-
Notifications
You must be signed in to change notification settings - Fork 3.1k
Description
System Info
- lerobot version: 0.3.4
- Platform: Linux-5.15.0-153-generic-x86_64-with-glibc2.35
- Python version: 3.10.12
- Huggingface Hub version: 0.35.3
- Datasets version: 4.1.1
- Numpy version: 2.2.6
- PyTorch version: 2.7.1+cu126
- Is PyTorch built with CUDA support?: True
- Cuda version: 12.6
- GPU model: NVIDIA GeForce RTX 4090
- Using GPU in script?: <fill in>
###
on different machine I had same problemInformation
- One of the scripts in the examples/ folder of LeRobot
- My own task or dataset (give details below)
Reproduction
After I merge datasets with merge datasets tool, and running training on it, have cuch traceback:
File "/home/gregor/Experiments/lerobot/venv/lib/python3.10/site-packages/torch/utils/data/dataloader.py", line 1515, in _next_data
return self._process_data(data, worker_id)
File "/home/gregor/Experiments/lerobot/venv/lib/python3.10/site-packages/torch/utils/data/dataloader.py", line 1550, in _process_data
data.reraise()
File "/home/gregor/Experiments/lerobot/venv/lib/python3.10/site-packages/torch/_utils.py", line 750, in reraise
raise exception
RuntimeError: Caught RuntimeError in DataLoader worker process 0.
Original Traceback (most recent call last):
File "/home/gregor/Experiments/lerobot/venv/lib/python3.10/site-packages/torch/utils/data/_utils/worker.py", line 349, in _worker_loop
data = fetcher.fetch(index) # type: ignore[possibly-undefined]

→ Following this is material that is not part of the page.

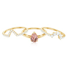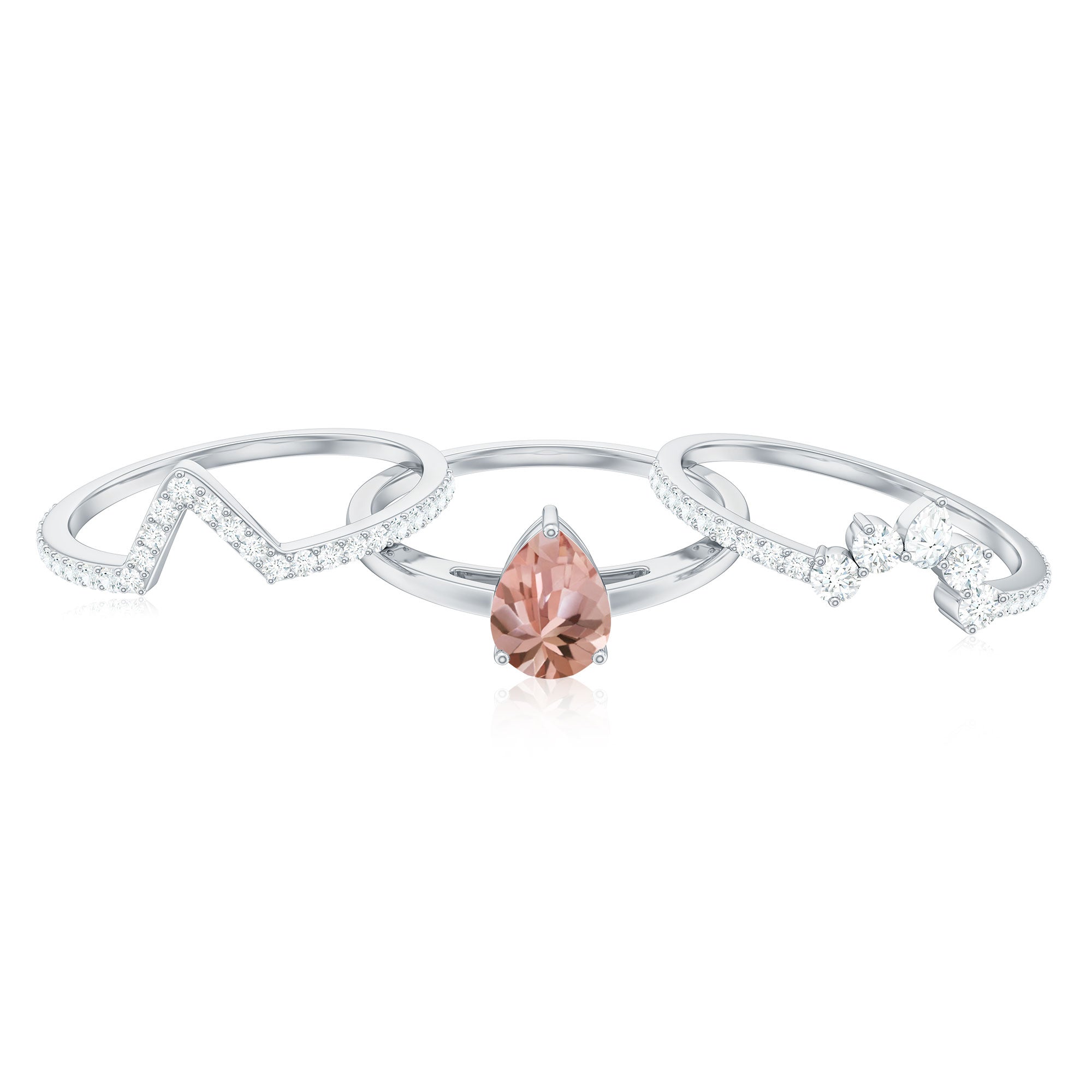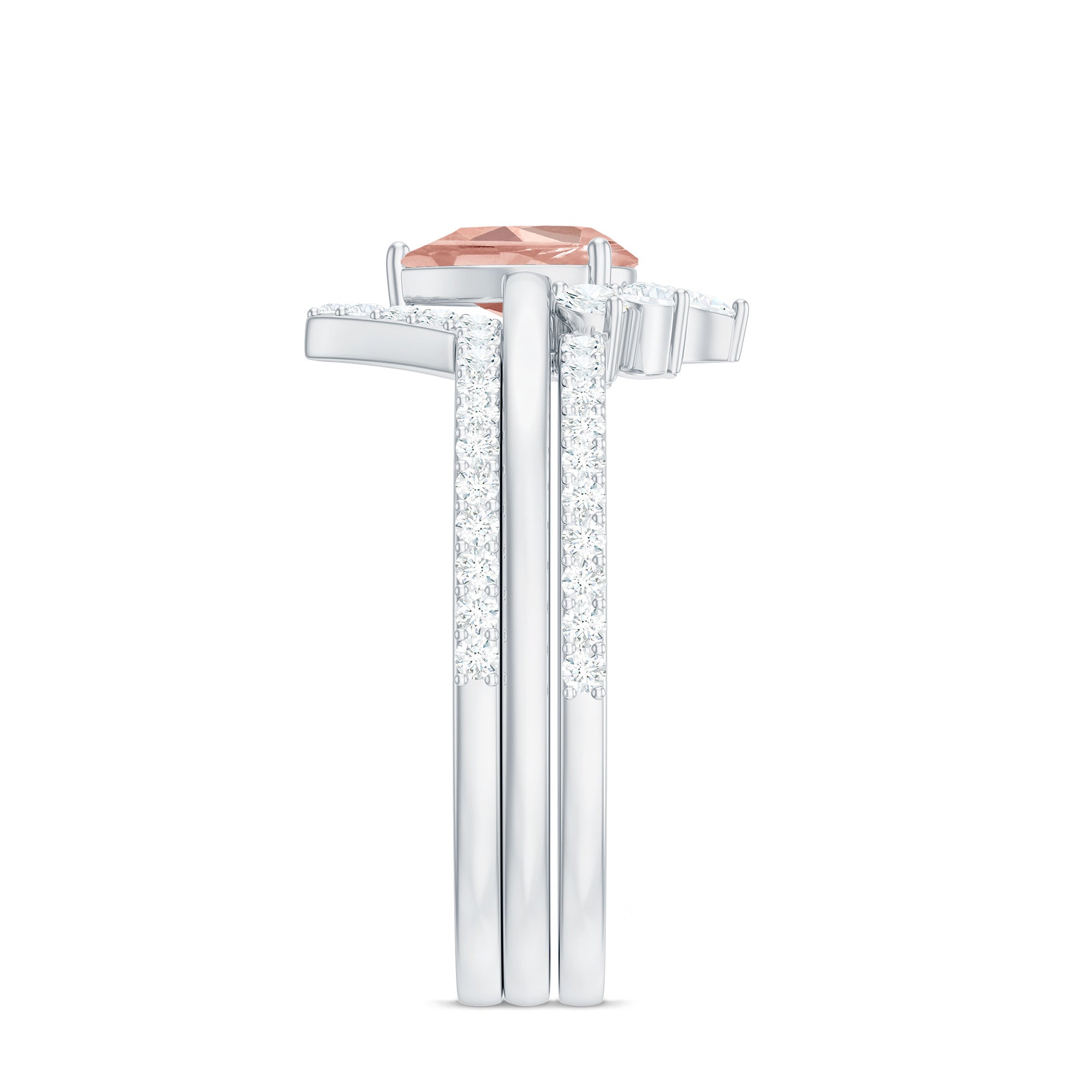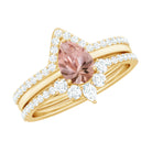 Make her big day even more memorable with this stunning Three Ring Set adorned with pear cut Morganite set as Solitaire in one ring with two enhancer featuring round Diamond stones. This Bridal Ring Set is a splendid choice for any woman, exuding elegance and sophistication. Surprise your lady with this exquisite Diamond ring set and let it be a cherished piece shell treasure forever, representing the beauty of your love on her big day.

File "/home/gregor/Experiments/lerobot/venv/lib/python3.10/site-packages/torch/utils/data/_utils/fetch.py", line 52, in fetch
data = [self.dataset[idx] for idx in possibly_batched_index]
File "/home/gregor/Experiments/lerobot/venv/lib/python3.10/site-packages/torch/utils/data/_utils/fetch.py", line 52, in
data = [self.dataset[idx] for idx in possibly_batched_index]
File "/home/gregor/Experiments/lerobot/venv/lib/python3.10/site-packages/lerobot/datasets/lerobot_dataset.py", line 989, in getitem
video_frames = self._query_videos(query_timestamps, ep_idx)
File "/home/gregor/Experiments/lerobot/venv/lib/python3.10/site-packages/lerobot/datasets/lerobot_dataset.py", line 954, in _query_videos
frames = decode_video_frames(video_path, shifted_query_ts, self.tolerance_s, self.video_backend)
File "/home/gregor/Experiments/lerobot/venv/lib/python3.10/site-packages/lerobot/datasets/video_utils.py", line 69, in decode_video_frames
return decode_video_frames_torchcodec(video_path, timestamps, tolerance_s)
File "/home/gregor/Experiments/lerobot/venv/lib/python3.10/site-packages/lerobot/datasets/video_utils.py", line 259, in decode_video_frames_torchcodec
frames_batch = decoder.get_frames_at(indices=frame_indices)
File "/home/gregor/Experiments/lerobot/venv/lib/python3.10/site-packages/torchcodec/decoders/_video_decoder.py", line 227, in get_frames_at
data, pts_seconds, duration_seconds = core.get_frames_at_indices(
File "/home/gregor/Experiments/lerobot/venv/lib/python3.10/site-packages/torch/_ops.py", line 756, in call
return self._op(*args, **kwargs)
RuntimeError: Invalid frame index=19603 for streamIndex=0; must be less than 1414
I mentioned, error happens if videos in datasets are divided on more then one chunk per camera - if there only one video file per one camera, everything works.
Any ideas how can I increase max video size above default 500 mb to walkaround the bug for now?
Expected behavior
Training should work fo many video chunks or videos should not be chunked.